> _Required work_:
Write out the lines below once more, exactly as they appear. Do not include pictures.

> _Data provided_:
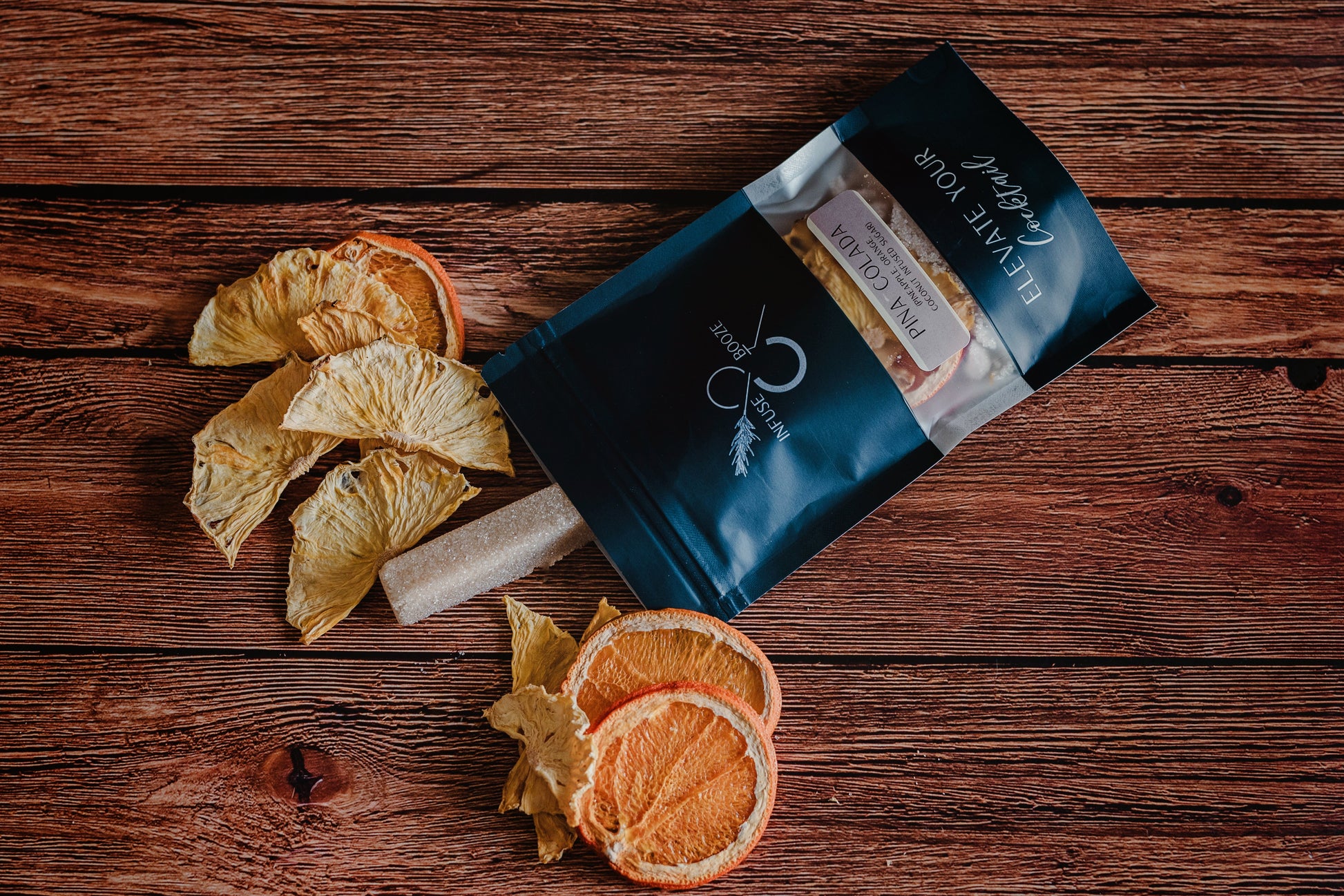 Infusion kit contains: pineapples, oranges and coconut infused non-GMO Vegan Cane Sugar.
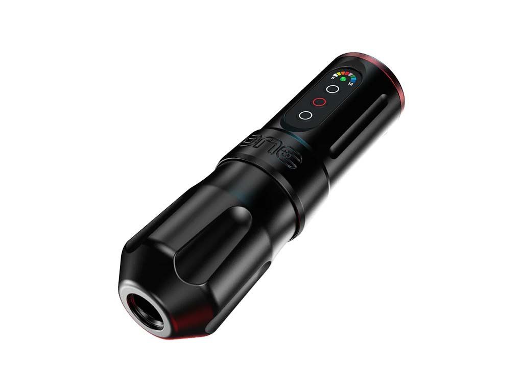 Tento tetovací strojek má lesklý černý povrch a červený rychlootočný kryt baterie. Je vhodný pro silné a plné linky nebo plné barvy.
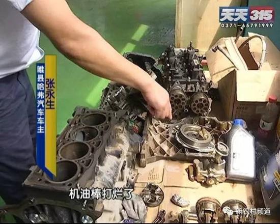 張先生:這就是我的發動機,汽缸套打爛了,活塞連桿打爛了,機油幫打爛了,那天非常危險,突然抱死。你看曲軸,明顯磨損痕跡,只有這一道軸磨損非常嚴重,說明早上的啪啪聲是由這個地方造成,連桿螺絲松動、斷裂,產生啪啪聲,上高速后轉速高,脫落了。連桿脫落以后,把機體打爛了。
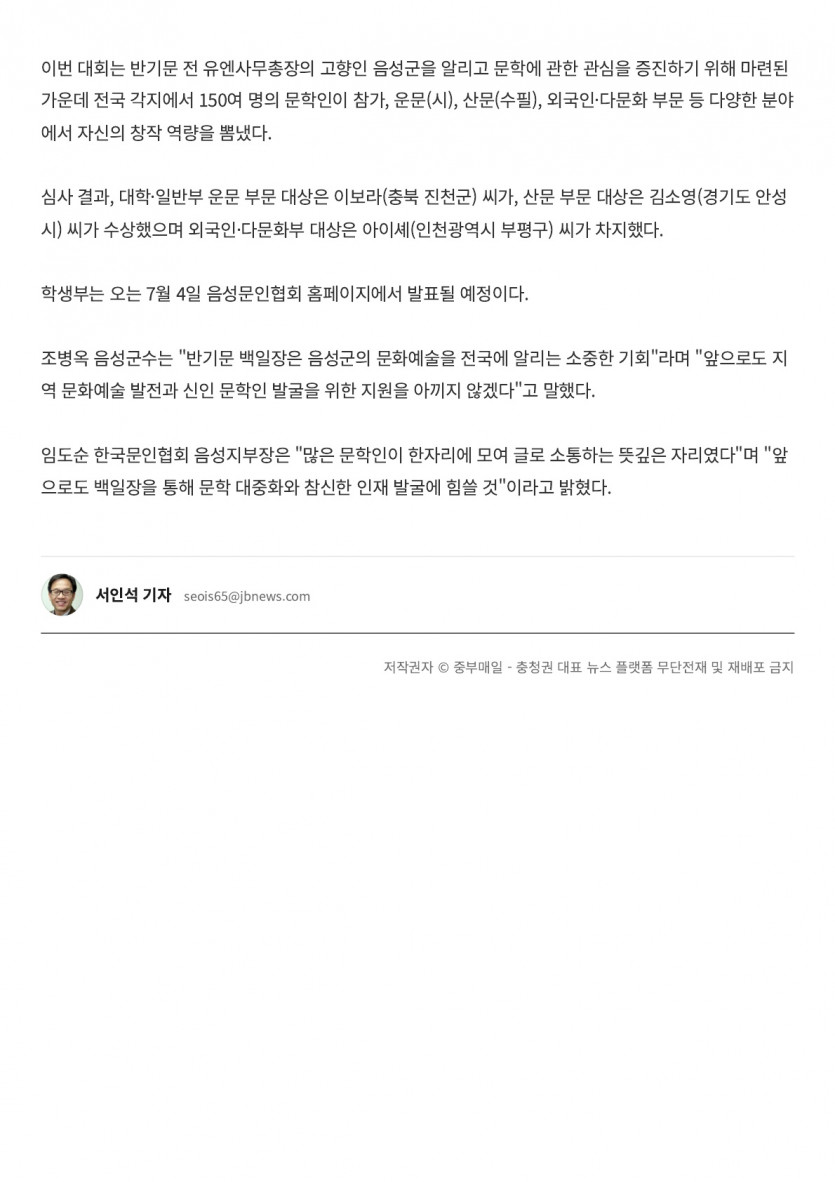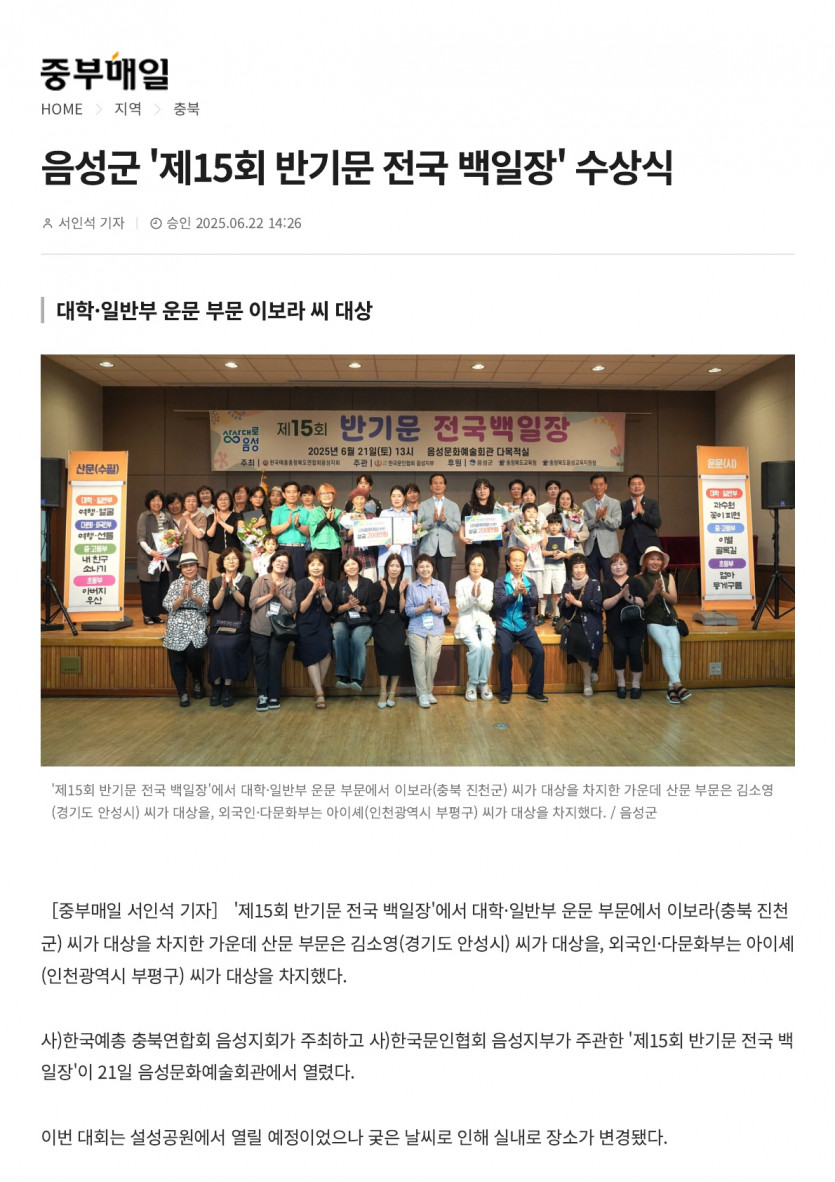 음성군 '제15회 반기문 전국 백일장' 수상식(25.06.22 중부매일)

> _Expected output_:
 Infusion kit contains: pineapples, oranges and coconut infused non-GMO Vegan Cane Sugar.
 Tento tetovací strojek má lesklý černý povrch a červený rychlootočný kryt baterie. Je vhodný pro silné a plné linky nebo plné barvy.
 張先生:這就是我的發動機,汽缸套打爛了,活塞連桿打爛了,機油幫打爛了,那天非常危險,突然抱死。你看曲軸,明顯磨損痕跡,只有這一道軸磨損非常嚴重,說明早上的啪啪聲是由這個地方造成,連桿螺絲松動、斷裂,產生啪啪聲,上高速后轉速高,脫落了。連桿脫落以后,把機體打爛了。
 음성군 '제15회 반기문 전국 백일장' 수상식(25.06.22 중부매일)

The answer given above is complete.